Opportunities abound, especially if you’re willing to zig while others zag. We’ll take a look at one of those more ziggy opportunities below.
But first, let’s face it. When it comes to investing opportunities in e-commerce, Amazon (NASDAQ: AMZN) is the elephant in the room.
It’s been staking out an ever-more-dominant position in the industry. Amazon has grown its annual revenues by some 314% since 2008. Its ever-expanding offerings are pummeling brick-and-mortar stores across the U.S.
Amazon also sells at a price that makes many investors – including this one – cringe. Forward earnings estimates for Amazon come in somewhere between $1.39 and $1.67 a share in 2013. That puts the e-tail giant selling at a 1-year forward PE of somewhere between 159 and 190.
What’s more, Amazon’s continuing plans to get products to consumers faster has brought with it many new warehouses – ongoing expenses that could zap margins for years to come.
All that makes Amazon a risky proposition.
But it just so happens that there's another fast-growing e-commerce play with an already dominant position and bright prospects for accelerating growth. And this one sells at a very reasonable multiple of around 20 times forward earnings.
It also happens to be a name with which you’re probably very familiar: eBay (NASDAQ: EBAY). That’s right. One of the true progenitors of e-commerce is also still – or perhaps, again – one of its leaders.
Although eBay hasn’t taken the world by storm over the past several years the way Amazon has, it has managed to reach its tentacles out into many areas of e-commerce. Its flagship and namesake market, eBay, is again growing, with quarterly revenues up 16% over the prior year. But eBay’s portfolio also includes a number of other brands, some more significant to its future, in PayPal, BillMeLater and StubHub.

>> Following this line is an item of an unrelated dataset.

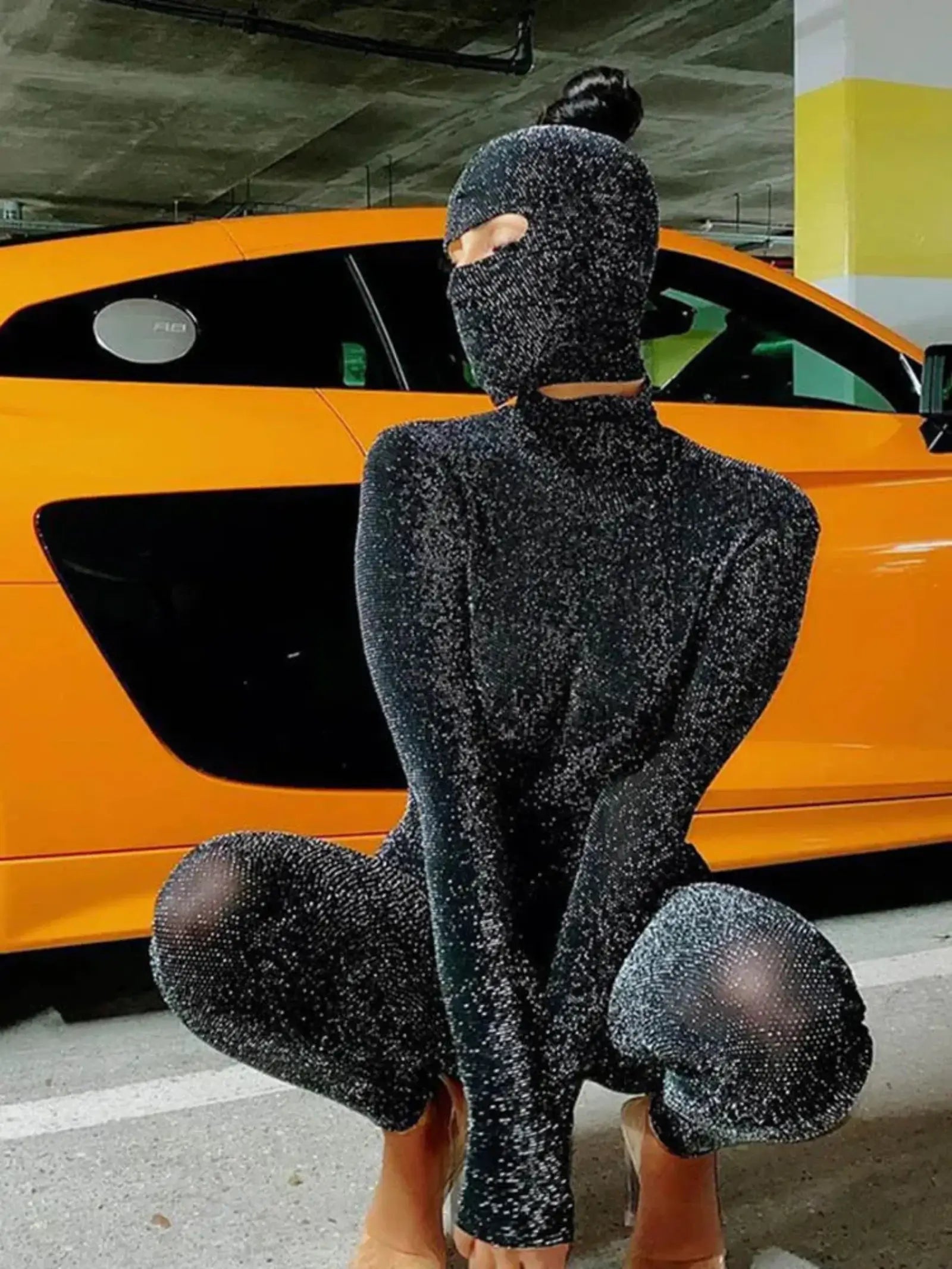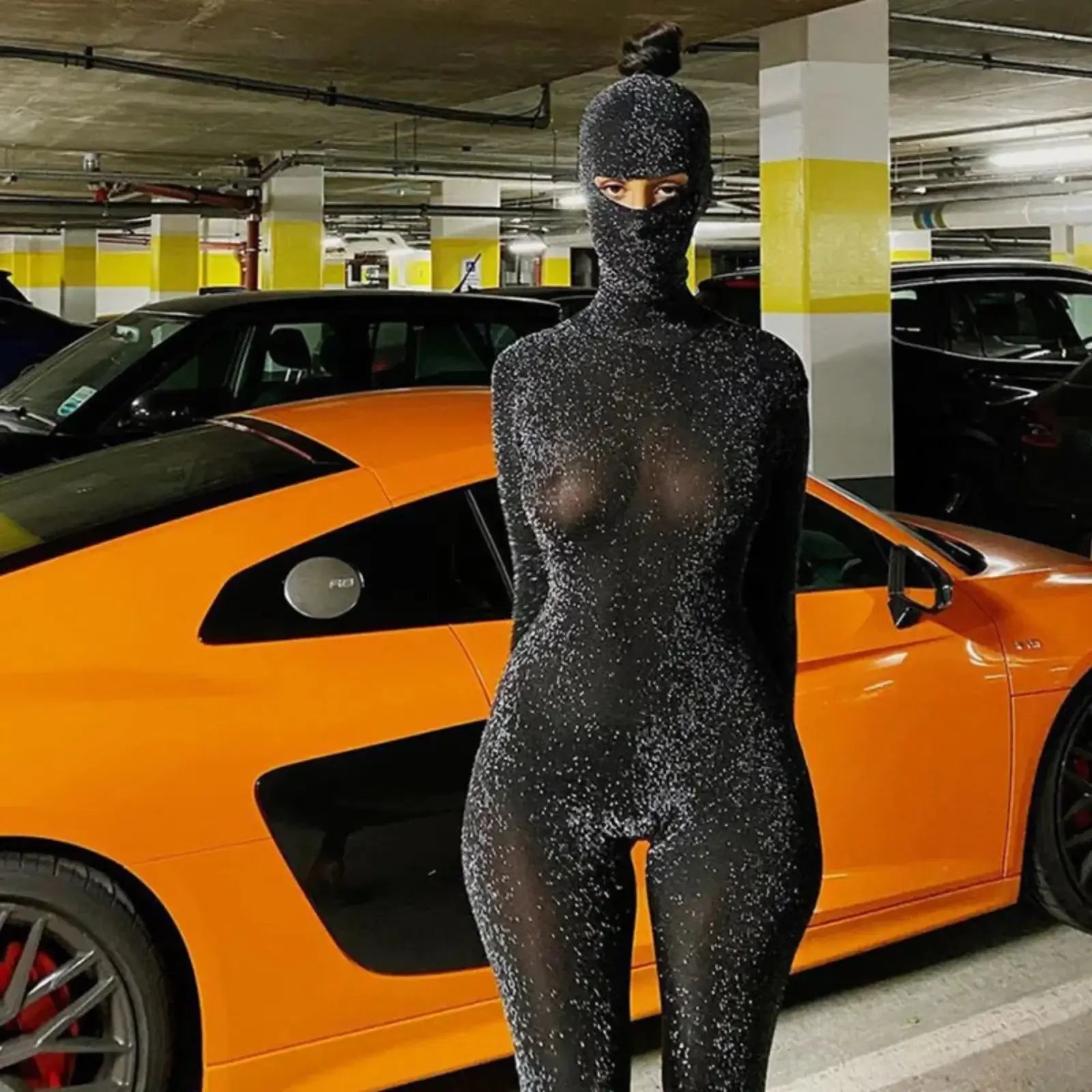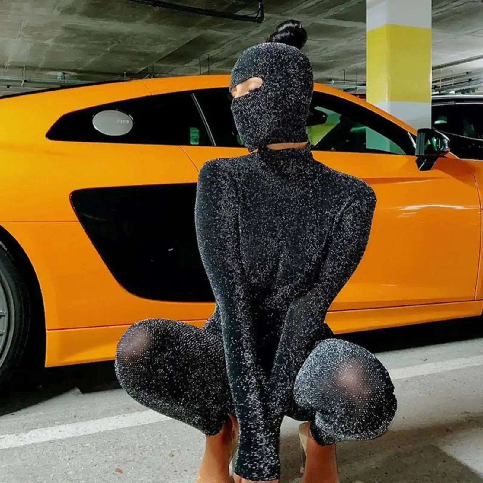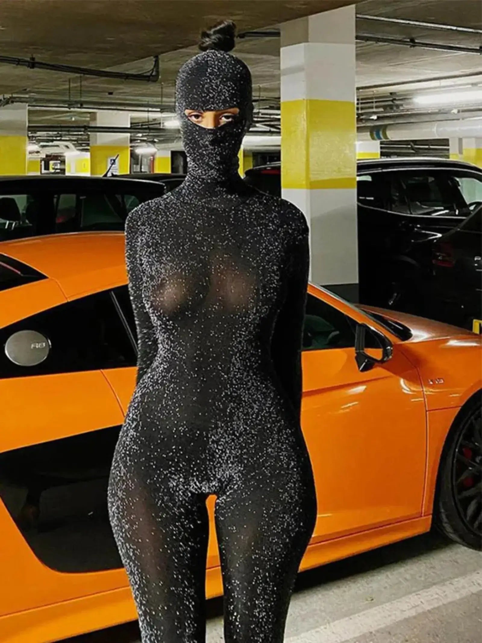 Black Backless Bodycon Jumpsuit - Women's Streetwear 2025

PayPal revenues now represent 39% of eBay’s revenues, and they are growing at a clip of 24% year over year, driving much of eBay’s growth. The company’s overall annual revenues are up by an average of better than 20% since 2009.
Sure, that trails Amazon’s near 50% annual revenue growth rate over that time. Still, it’s not too shabby. And eBay has shined brighter than Amazon in turning those revenues into profits. Earnings since 2009 have grown by 192% for eBay, while Amazon’s have shrunk.
Here’s a quick look at how the two stack up in earnings since April 2009:
Let’s take a closer look at eBay’s position in the industry. In 2012, eBay’s various brands were involved in more than $175 billion of retail sales. That means that the company is now involved in 19% of global e-commerce and almost 2% of total global retail, CEO John Donahoe says.
Those are some impressive numbers.
What lies ahead for eBay, as Donahoe says, are “substantial long-term growth opportunities.” He expects them to come from a number of eBay’s brands, including PayPal, BillMeLater and the flagship eBay market.
PayPal was used in some 700 million payments transactions in the fourth quarter of 2012, the company reported. As the world's most popular digital wallet service, it now has 123 million active accounts, with more than 5 million added just in the fourth quarter of 2012, the biggest bump in PayPal users in the company’s history.
Right now, eBay is positioned well for the continuing consumer transition into mobile e-commerce. Mobile transactions are growing fast for PayPal, but still account for just about 10% of its transactions. That leaves a lot of room for growth.
And regardless of whether they are executed on a mobile device or a desktop or laptop computer, eBay makes the same amount from its transactions. That’s an enviable position at a time when even Internet giants like Google are wrestling with the need to adapt to a mobile world that so far offers a less lucrative set of opportunities.
Despite being a less risky proposition than a high-flyer like Amazon, eBay is not without its dangers. Looming large are payment systems that compete directly with PayPal.
There are plenty, from small, venture capital-funded startups like WePay and Boku, to more established e-payment solutions like GoogleWallet and Visa’s V.me, all looking to carve away a slice of PayPal’s pie.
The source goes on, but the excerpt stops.